**EXERCISE DETAILS**
Write out all the entries word for word, but skip any images.
------------------------
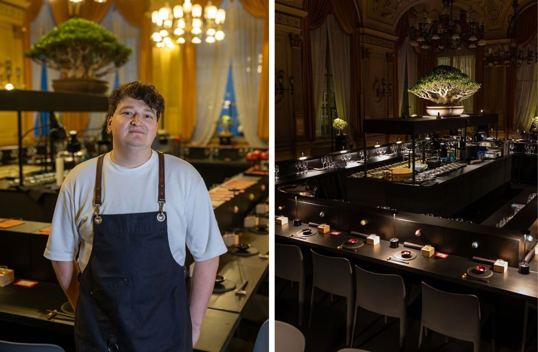 Doch hinter dem traditionellen Noren, jenem Stoffvorhang, der beim Durchschreiten symbolisch den Schritt von der Straße in die geschützte Welt des Hauses markiert, beginnt jedoch ein ganz anderes Erlebnis. Im Gastraum könnte der Kontrast kaum größer sein: Der historische Spiegelsaal empfängt die Gäste mit klarer, reduzierter Ästhetik. In angenehm gedämpftem Licht entsteht so eine ruhige, beinahe intime Atmosphäre. Hier ist das Refugium von 2-Sternekoch und GaultMillau „Koch des Jahres 2025“ Benjamin Peifer. Inmitten von angestrahlten Bonsai-Bäumchen an schwarzen Tischen präsentiert der 38-Jährige eine Essenz seine regional beeinflusste und modern interpretierte japanische Kochkunst. Das 5-Gänge-Menü mit zusätzlichem Zwischengang steht unter dem Motto „Omakase“ für all das, was Peiffer auch in seinem eigenen Restaurant Intense in Wachenheim entwickelt hat: eine Küche, die Pfälzer Produkte mit japanischer Präzision und Texturverliebtheit verbindet. Im Stories kommen seine Teller ohne große Effekte aus, weil es um die Konzentration auf die Produkte und die Aromen geht. Jeder Gang besticht durch seinen komplexen Geschmack, seine feinen Rauchnoten, sein Säurespiel und seine Umami-Tiefe. Der Abend startet beispielsweise mit Kingfisch aus Völklingen als „Okonomiyaki“, gefolgt von klassischer Ramensuppe und danach japanischem Rind mit Perigord-Trüffel, Ponzu und schwarzem Knoblauch. Dazu kommt eine Getränkebegleitung, die zwischen großartigen Weinen deutscher Winzer, Sake und alkoholfreien Pairings pendelt und die Aromatik der Gerichte pointiert weitererzählt. So wird der Abend im Stories zu einer komprimierten, sehr persönlichen Lesart seiner Intense-Küche in einem für das Stories typischen, ungewöhnlichen Setting.
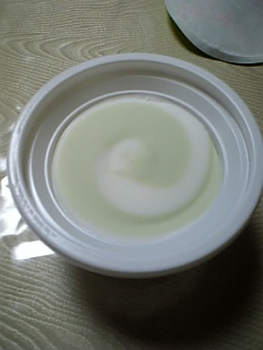 分かりにくいでしょうが、グリーン色と白色のマーブル状になってます。
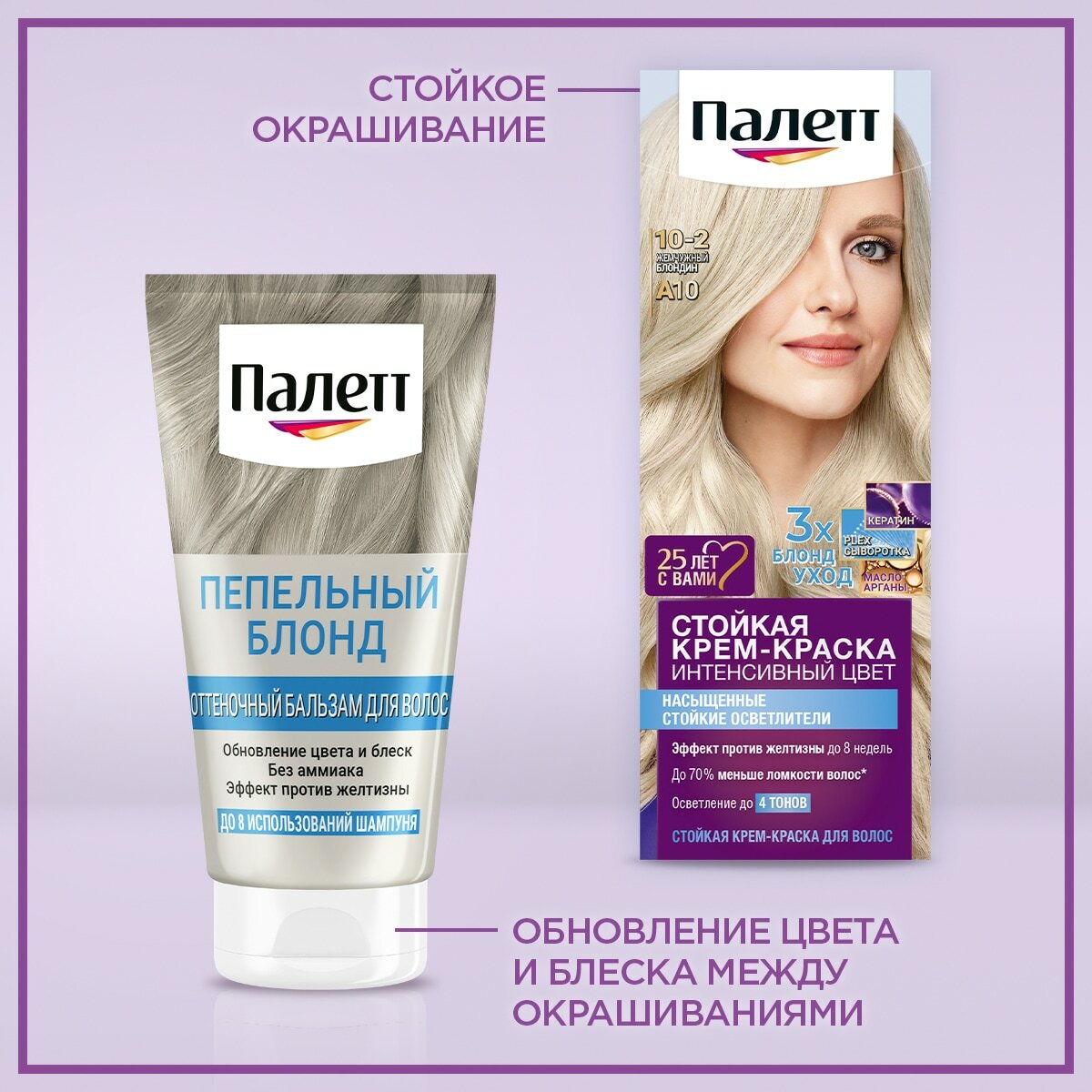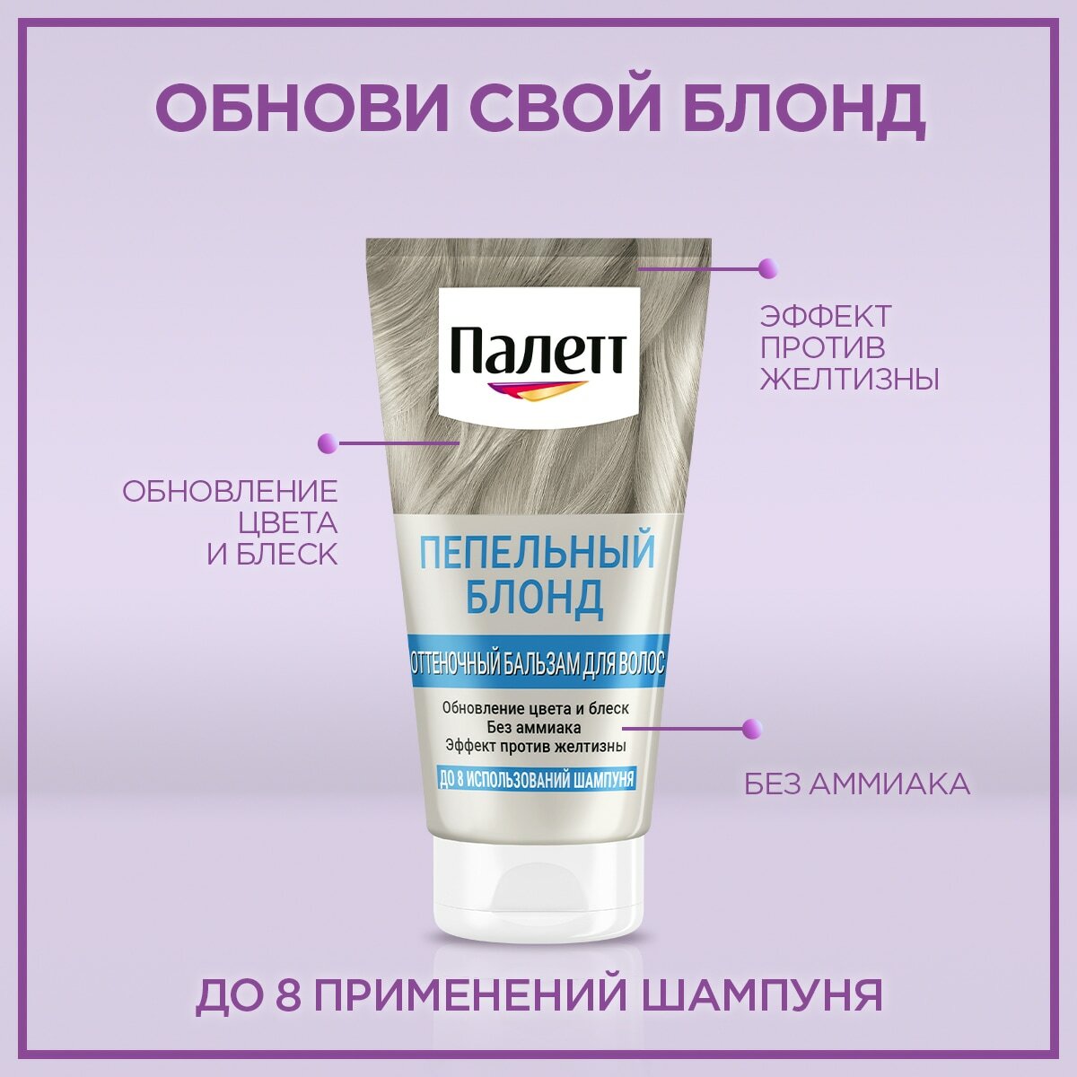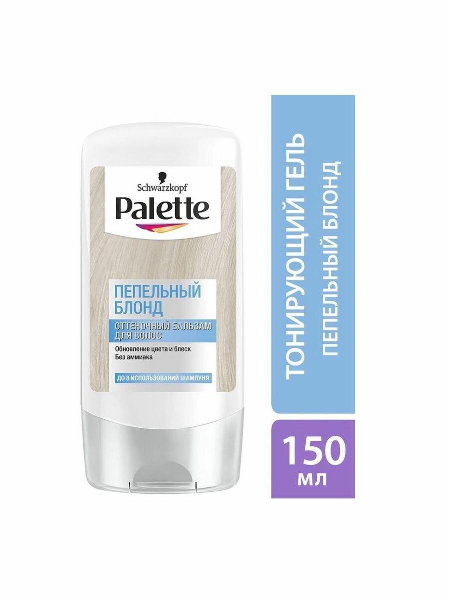 Оттеночный бальзам Palette пепельный блонд придает пепельный оттенок светлым волосам. Благодаря обновлению цвета и уходу в перерывах между осветлением волосы выглядят здоровыми и ухоженными.
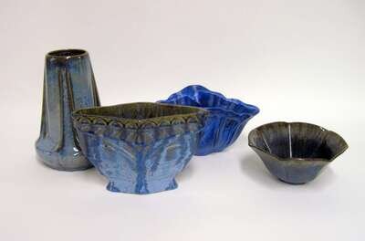 Four Fulper blue and brown glazed art pottery pieces early 20th century
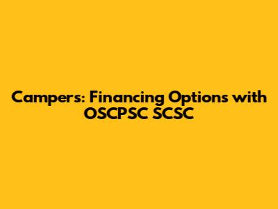 Campers: Financing Options With OSCPSC SCSC
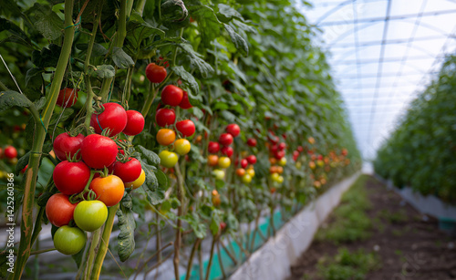 Rows of vibrant red and green tomatoes growing on vines inside a large greenhouse.
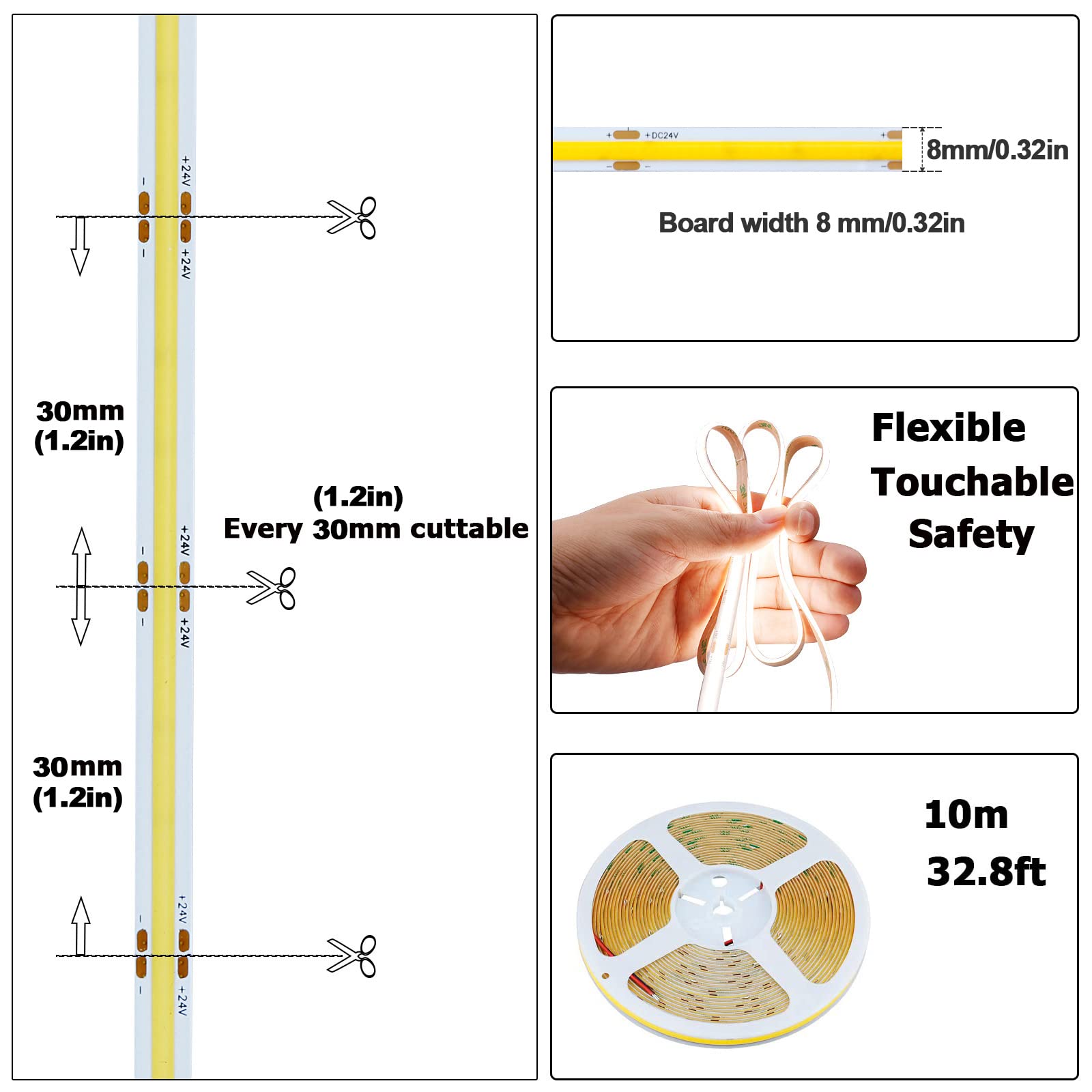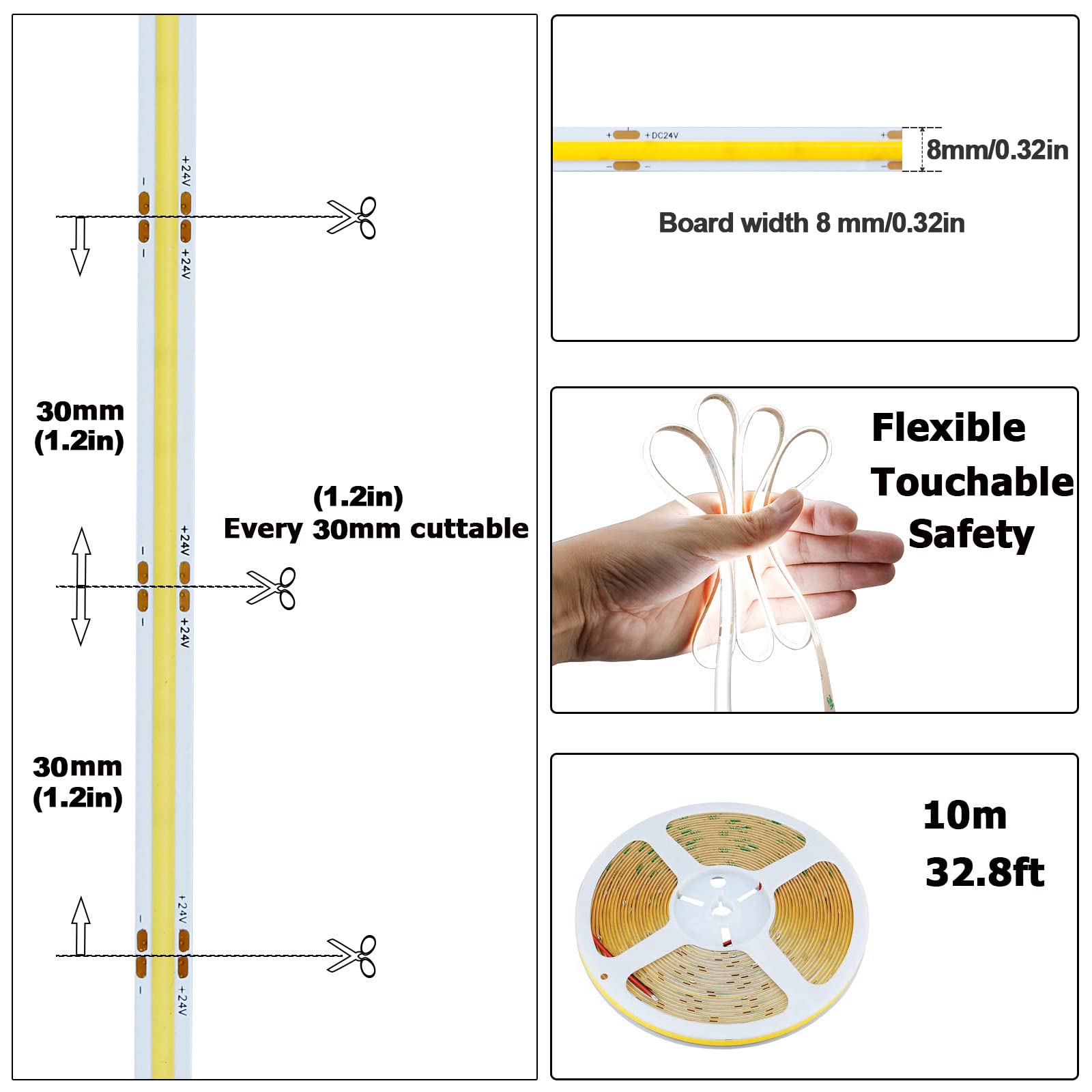 DC 24V COB LED Strip Light 32.8ft(10M) without voltage drop
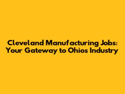 Cleveland Manufacturing Jobs: Your Gateway To Ohio's Industry
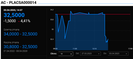 Według wstępnych danych przychody ze sprzedaży AC w I kwartale 2023 r. wyniosły 66,2 mln zł i były o 6,5 proc. wyższe niż w analogicznym okresie poprzedniego roku. Rynek najwyraźniej jest rozczarowany, bo chwilę po publikacji kurs spółki zjechał w dół o ponad 4 proc.
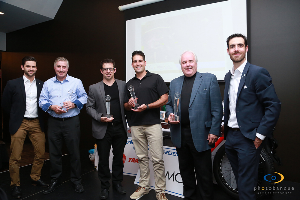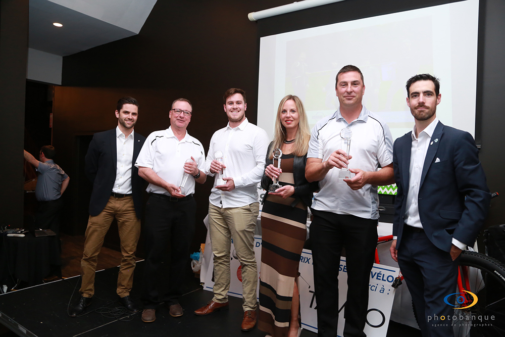 Entre Samuel Lavoie et Mathieu Rondeau, les gagnants : Ernie Trainor, François Guillemette, Julie Fortier et Yannick Gauthier.
------------------------
**ANSWER TO THE PROBLEM**
 Doch hinter dem traditionellen Noren, jenem Stoffvorhang, der beim Durchschreiten symbolisch den Schritt von der Straße in die geschützte Welt des Hauses markiert, beginnt jedoch ein ganz anderes Erlebnis. Im Gastraum könnte der Kontrast kaum größer sein: Der historische Spiegelsaal empfängt die Gäste mit klarer, reduzierter Ästhetik. In angenehm gedämpftem Licht entsteht so eine ruhige, beinahe intime Atmosphäre. Hier ist das Refugium von 2-Sternekoch und GaultMillau „Koch des Jahres 2025“ Benjamin Peifer. Inmitten von angestrahlten Bonsai-Bäumchen an schwarzen Tischen präsentiert der 38-Jährige eine Essenz seine regional beeinflusste und modern interpretierte japanische Kochkunst. Das 5-Gänge-Menü mit zusätzlichem Zwischengang steht unter dem Motto „Omakase“ für all das, was Peiffer auch in seinem eigenen Restaurant Intense in Wachenheim entwickelt hat: eine Küche, die Pfälzer Produkte mit japanischer Präzision und Texturverliebtheit verbindet. Im Stories kommen seine Teller ohne große Effekte aus, weil es um die Konzentration auf die Produkte und die Aromen geht. Jeder Gang besticht durch seinen komplexen Geschmack, seine feinen Rauchnoten, sein Säurespiel und seine Umami-Tiefe. Der Abend startet beispielsweise mit Kingfisch aus Völklingen als „Okonomiyaki“, gefolgt von klassischer Ramensuppe und danach japanischem Rind mit Perigord-Trüffel, Ponzu und schwarzem Knoblauch. Dazu kommt eine Getränkebegleitung, die zwischen großartigen Weinen deutscher Winzer, Sake und alkoholfreien Pairings pendelt und die Aromatik der Gerichte pointiert weitererzählt. So wird der Abend im Stories zu einer komprimierten, sehr persönlichen Lesart seiner Intense-Küche in einem für das Stories typischen, ungewöhnlichen Setting.
 分かりにくいでしょうが、グリーン色と白色のマーブル状になってます。
 Оттеночный бальзам Palette пепельный блонд придает пепельный оттенок светлым волосам. Благодаря обновлению цвета и уходу в перерывах между осветлением волосы выглядят здоровыми и ухоженными.
 Four Fulper blue and brown glazed art pottery pieces early 20th century
 Campers: Financing Options With OSCPSC SCSC
 Rows of vibrant red and green tomatoes growing on vines inside a large greenhouse.
 DC 24V COB LED Strip Light 32.8ft(10M) without voltage drop
 Cleveland Manufacturing Jobs: Your Gateway To Ohio's Industry
 Według wstępnych danych przychody ze sprzedaży AC w I kwartale 2023 r. wyniosły 66,2 mln zł i były o 6,5 proc. wyższe niż w analogicznym okresie poprzedniego roku. Rynek najwyraźniej jest rozczarowany, bo chwilę po publikacji kurs spółki zjechał w dół o ponad 4 proc.
 Entre Samuel Lavoie et Mathieu Rondeau, les gagnants : Ernie Trainor, François Guillemette, Julie Fortier et Yannick Gauthier.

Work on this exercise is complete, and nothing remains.